Ni = ED_ZAF_MAP("./data/map20221215113824374_ZafAt_Ni K.dat")
Ni.map
[4]:
array([[6.12325621, 6.35650826, 6.08559752, ..., 8.71869564, 8.54577732,
        8.13435745],
       [6.66705704, 6.26503134, 6.45951939, ..., 8.4222908 , 8.21191216,
        7.97221041],
       [6.50059986, 6.25924826, 6.456285  , ..., 8.55289459, 8.3780632 ,
        8.15284729],
       ...,
       [6.19918871, 6.3649044 , 6.09490299, ..., 8.44891453, 8.34977436,
        7.75710821],
       [5.94013357, 6.27952957, 6.40555239, ..., 8.40961075, 8.30915165,
        7.28244448],
       [6.09065056, 6.44013071, 6.43883705, ..., 8.25094509, 7.97439957,
        7.23802233]])
[5]:
import matplotlib.pyplot as plt

plt.imshow(Ni.map)
[5]:
<matplotlib.image.AxesImage at 0x7fcd0669ead0>
../_images/notebooks_T2_parsing_data_13_1.png

Image Data Format

Images serve as an important mode of representing scientific data, encompassing elements like metallographic micrographs, scanning electron microscope (SEM) images, and optical microscope imagery. Thankfully, Python offers a wide range of libraries that efficiently facilitate image reading. Specifically, in the original publications of this tool, a light micrograph panorama image was used to align results from electron back-scattered diffraction analysis and high-speed nano-indentation evaluations.

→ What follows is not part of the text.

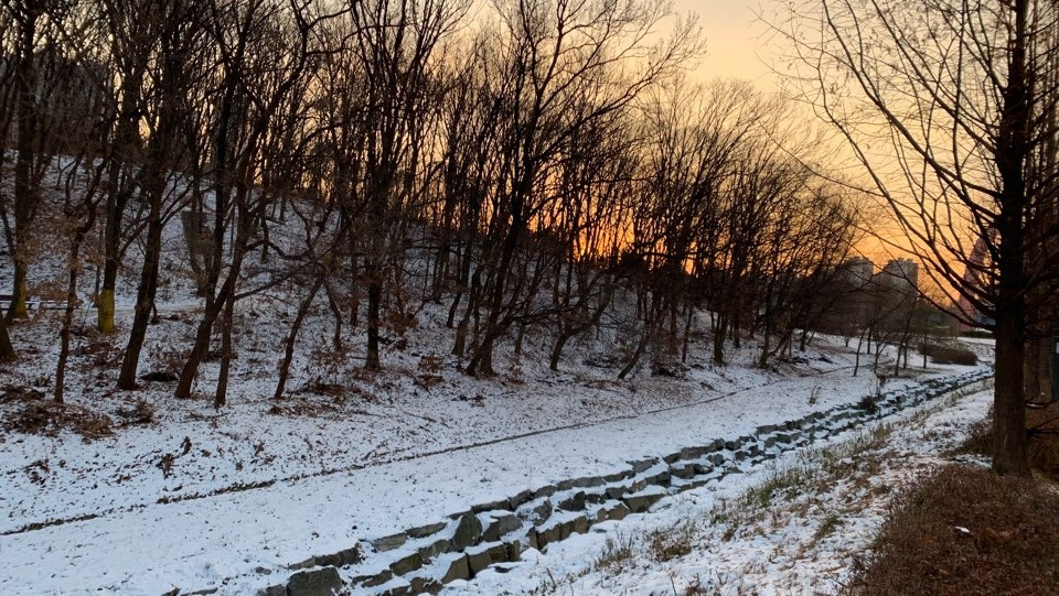오늘은 치과에 다녀오며 잠시 산책을 했다. 밤새 눈이 와서 쌓였다. 너무 추워서 집에 들어왔다. 햇빛을 잠깐이라도 쐐서 좋았다. 당분간은 맘껏 걷기는 힘들겠지만 틈틈이 시간을 내서 걸어야겠다. 아파트 뒷길이라도 잠시 걸어야겠다. 매일 조금씩 걷다 보면 겨울도 가고 코로나도 가겠지!

Most image formats can be handled by the cv2 or scikit-image libraries.

[6]:
import skimage

limi_sk = skimage.io.imread("./data/example_image.jpg")
plt.imshow(limi_sk)
[6]:
<matplotlib.image.AxesImage at 0x7fcd00813650>
../_images/notebooks_T2_parsing_data_15_1.png

You can use PIL also.

[7]:
from PIL import Image

limi_pil = Image.open("./data/example_image.jpg")

By using strategies that we’ve visited above, you should be able to read most of scientific data.